Within hours, students at the Bush School of Government and Public Service at Texas A&M University in College Station came together — somewhat instinctually, according to the school newspaper The Battalion — for an on-campus candlelight vigil in his honor.
By Saturday, more formal funeral arrangements for the 41st president were taking shape.
Bush, who died at home in Houston, will soon be taken to Washington. President Donald Trump, speaking Saturday from the G-20 summit meeting in Buenos Aires, Argentina, said the plane known as Air Force One when the president is aboard will transport Bush’s coffin. Trump said it was “a special tribute that he deserves very much.”
Republican and Democratic leaders of the Senate and the House of Representatives announced that a bicameral arrival ceremony for Bush will be held at 5 p.m. Monday at the U.S. Capitol in Washington.
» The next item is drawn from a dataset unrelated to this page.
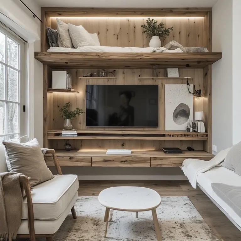 Floating furniture is a dream for small apartments. By keeping floors clear, you get more walking space and the room feels larger. Wall-mounted desks, fold-out floating tables, and slim floating storage help you live big in small rooms. These pieces also let you create zones — a bed area, a work corner, and a seating nook — without heavy furniture that clogs the room. Smart floating choices make a small living room functional, stylish, and comfortable.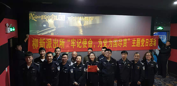 中国江苏网10月28日徐州讯 为弘扬爱国主义精神,10月24日中午12时30分,徐州市铜山区柳新派出所党支部集中组织全体党员到影院观看电影《我和我的祖国》。

Bush will lie in state in the Rotunda with his coffin on display for public viewing until Wednesday morning. He will be the 11th president to lie in state there; others include Gerald R. Ford in 2006 and 2007 and Ronald Reagan in 2004. The most recent official to lie in state was Sen. John McCain, R-Ariz., on Aug. 31.
Bush will also be honored with a state funeral at the National Cathedral in Washington. The White House confirmed that Trump will attend.
Members of the Bush family and officials from the Joint Task Force for the National Capital Region are still determining the final schedule for the funeral at the cathedral.
“This state funeral is a culmination of years of planning and rehearsal to ensure the support the military renders President Bush is nothing less than a first-class tribute,” Maj. Gen. Michael L. Howard, the task force’s commanding general, said in a statement Saturday. On Thursday, Bush will
be laid to rest on the grounds of his presidential library and museum at Texas A&M University. He will be buried in a family plot behind the library alongside his wife, Barbara, who died in April after 73 years of marriage; and a daughter, Robin, who died at age 3 in 1953, according to a statement from the university.